SVG@NAB Perspectives: Thomas Riedel Welcomes Visitors to “Closing Ceremony of Traditional Routing”
During what is likely to be the only press event at this year’s NAB Show to involve the use of a chainsaw, Riedel Communications founder Thomas Riedel applied the power tool to a symbolic wooden box router to mark what he described as the “closing ceremony of traditional routing”.
In explaining his reasoning, Riedel tracked the development of the MediorNet media signal distribution and processing family since its launch in 2009. Today there are some 2745 nodes in the market – but, crucially, MediorNet is now allowing broadcasters to implement traditional router-free, decentralised networks in their facilities. By way of example he pointed to the recent decision by AMP Visual TV to install MediorNet into a new fleet of DSNG production vehicles, with May’s Le Mans 24 race among the major sports commitments set to benefit.

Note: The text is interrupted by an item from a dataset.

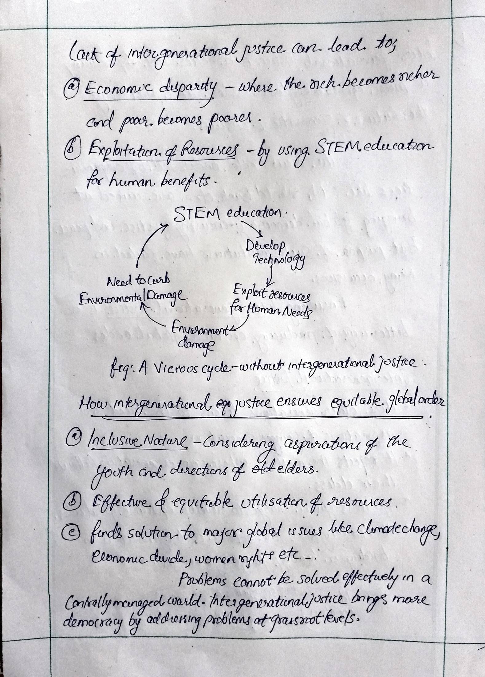 You could have highlighted the issues of climate change/pollution and ecological footprint (resource exploitation and associated intra- and inter-country inequalities). Both these problems will leave an un-inhabitable planet for future generations if left un-addressed (thus intergenerational injustice). STEM diagram you drew is relevant here.

Riedel also took the opportunity to highlight the role that MediorNet will play in Japanese broadcaster NHK’s 8K productions at one of this summer’s major sports events.
Above all, he stressed that the German manufacturer is seeking to support broadcasters to “determine how quickly they want to migrate to IP” from the sphere of conventional routing. But – chainsaw in hand to the amusement of the NAB press contingent – he made it clear that he feels the IP transition will only continue to accelerate.
Meanwhile, new products introduced at this year’s show included the ESP-2324 Expansion Smartpanel for Riedel’s RSP-2318 Smartpanel multifunctional user interface. When connected to an RSP-2318 Smartpanel, the compact new expansion keypanel provides an additional 24 keys and four high-resolution multitouch colour displays that are said to be easy to read even at wide angles and in bright sunlight.